I just got back from a workshop meeting called Digital Transformation of Decision Analysis.
This was a workshop organized by Eyas Raddad, David Matheson, and John-Mark Agosta. It was sponsored by The Society of Decision Professionals and Microsoft. Microsoft generously hosted at their new Experience Center at the Microsoft Silicon Valley Campus.
It was a great experience, and I learned a lot. The workshop was fairly brilliant in concentrating on guided exercises, instead of presentations and debates.
I was invited based on my data science background and visibility. I, of course, arrogantly went in thinking how data science would fix decision analysis and improve decision quality. I came out wondering how decision analysis could fix data science.
One of the suggestions I came away with was to read Spetzler, Winter, Meyer “Decision Quality” (Wiley 2016). I am only starting on the book, but it comes across as a very good and very effective advocacy argument for decision analysis and decision quality as social and business methodologies. It appears to be a book that teaches how to think about decision analysis, without having to learn all of the field first.
This got me to thinking, is there a similar book for data science? This would be a book that provides the tools for management to reason about data science as “Decision Quality” provides tools for management to reason about decision analysis. Not a book that merely introduces or teaches the topic, but a book that allows one to think about the topic.

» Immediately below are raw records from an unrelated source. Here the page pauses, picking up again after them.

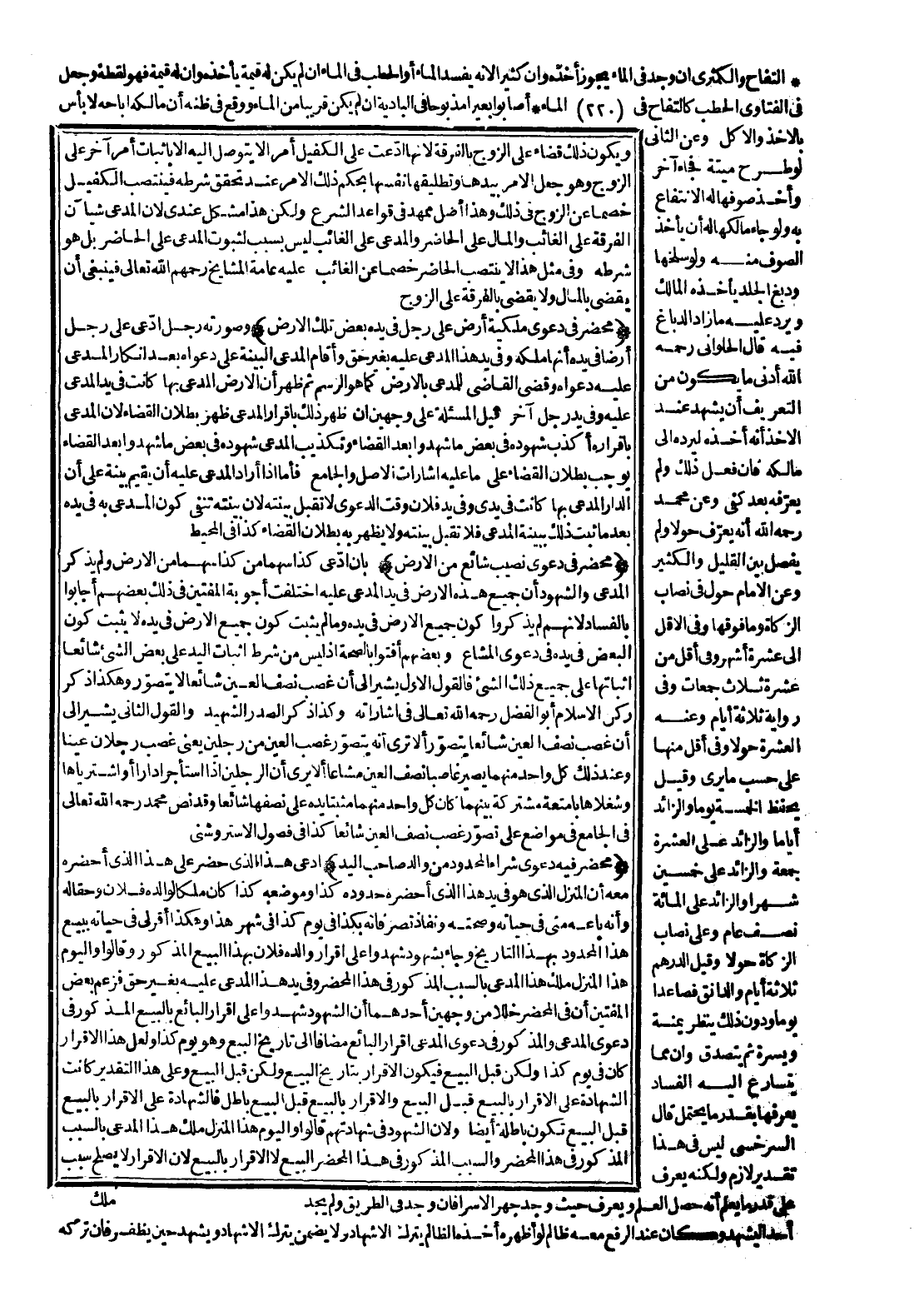 (مَحْضَرٌ فِي دَعْوَى مِلْكِيَّةِ أَرْضٍ عَلَى رَجُلٍ فِي يَدِهِ بَعْضُ تِلْكَ الْأَرْضِ) وَصُورَتُهُ رَجُلٌ ادَّعَى عَلَى رَجُلٍ أَرْضًا فِي يَدِهِ أَنَّهَا مِلْكُهُ، وَفِي يَدِ هَذَا الْمُدَّعَى عَلَيْهِ بِغَيْرِ حَقٍّ وَأَقَامَ الْمُدَّعِي الْبَيِّنَةَ عَلَى دَعْوَاهُ بَعْدَ إنْكَارِ الْمُدَّعَى عَلَيْهِ دَعْوَاهُ وَقَضَى الْقَاضِي لِلْمُدَّعِي بِالْأَرْضِ كَمَا هُوَ الرَّسْمُ، ثُمَّ ظَهَرَ أَنَّ الْأَرْضَ الْمُدَّعَى بِهَا كَانَتْ فِي يَدِ الْمُدَّعَى عَلَيْهِ، وَفِي يَدِ رَجُلٍ آخَرَ، قِيلَ: الْمَسْأَلَةُ عَلَى وَجْهَيْنِ: إنْ ظَهَرَ ذَلِكَ بِإِقْرَارِ الْمُدَّعِي ظَهَرَ بُطْلَانُ الْقَضَاءِ؛ لِأَنَّ الْمُدَّعِيَ بِإِقْرَارِهِ أَكْذَبَ شُهُودَهُ فِي بَعْضِ مَا شَهِدُوا بَعْدَ الْقَضَاءِ وَتَكْذِيبُ الْمُدَّعِي شُهُودَهُ فِي بَعْضِ مَا شَهِدُوا بَعْدَ الْقَضَاءِ يُوجِبُ بُطْلَانَ الْقَضَاءِ عَلَى مَا عَلَيْهِ إشَارَاتُ الْأَصْلِ وَالْجَامِعِ. فَأَمَّا إذَا أَرَادَ الْمُدَّعَى عَلَيْهِ أَنْ يُقِيمَ بَيِّنَةً عَلَى أَنَّ الدَّارَ الْمُدَّعَى بِهَا كَانَتْ فِي يَدَيَّ وَفِي يَدِ فُلَانٍ وَقْتَ الدَّعْوَى لَا تُقْبَلُ بَيِّنَتُهُ؛ لِأَنَّ بَيِّنَتَهُ تَنْفِي كَوْنَ الْمُدَّعَى بِهِ فِي يَدِهِ بَعْدَمَا ثَبَتَ ذَلِكَ بِبَيِّنَةِ الْمُدَّعِي فَلَا تُقْبَلُ بَيِّنَتُهُ، وَلَا يَظْهَرُ بِهِ بُطْلَانُ الْقَضَاءِ كَذَا فِي الْمُحِيطِ.
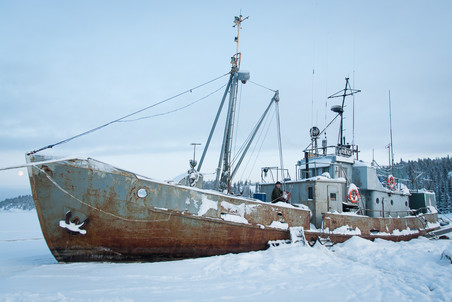 海湾靠岸的地方,到处都是被冰封的渔船
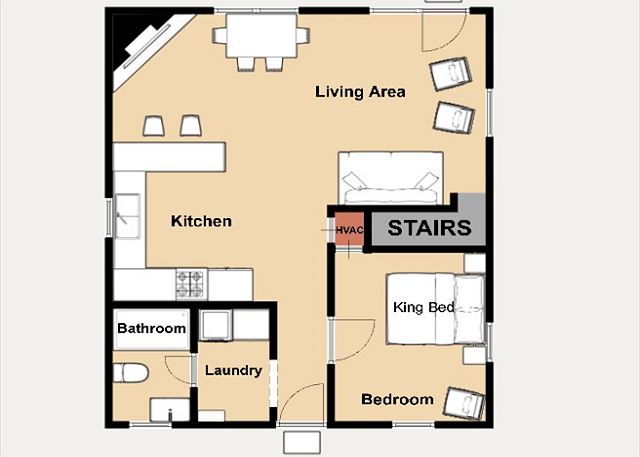 Full Kitchen, Refrigerator, Coffee Maker, Microwave, Toaster, Cookware, Wine glasses, Blender, BBQ utensils, Baking sheets

Some good candidate books include O’Neil, Shutt “Doing Data Science”, (O’Reilly 2013), Howard, Gugger “Deep Learning for Coders with fastai & PyTorch” (O’Reilly 2020), or even O’Neil “Weapons of Math Destruction” (Crown, 2016). However, these books have different goals than what I described earlier.

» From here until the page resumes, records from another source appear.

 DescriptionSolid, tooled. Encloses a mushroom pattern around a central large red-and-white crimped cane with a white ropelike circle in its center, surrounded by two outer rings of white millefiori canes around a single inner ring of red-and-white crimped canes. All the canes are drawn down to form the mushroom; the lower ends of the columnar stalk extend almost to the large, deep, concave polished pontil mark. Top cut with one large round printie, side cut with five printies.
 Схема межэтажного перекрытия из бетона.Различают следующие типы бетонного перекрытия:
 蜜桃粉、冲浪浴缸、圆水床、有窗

I think perhaps the best example of the desired type of book applied to data science topics (or statistics), may in fact be Kohavi, Tang, Xu “Trustworthy Online Controlled Experiments” (Cambridge 2020). This book teaches the business implications of what data scientists call A/B testing, and is as close to the goals of “Decision Quality” that I am aware of (though it is presented on a more technical level). This doesn’t address the breadth of common data science task, or even a lot of applications of even supervised machine learning. However, it does discuss probably the most important points of data science as it is currently practiced: the backward looking nature of the practice, cleanliness of data, and Goodhart style issues.
Given the current pro data science environment, we don’t so much need a book that sells the idea of data science, but one that helps one think about data science. Or, I am more and more interested in tools to perform decision analysis around the use of data science.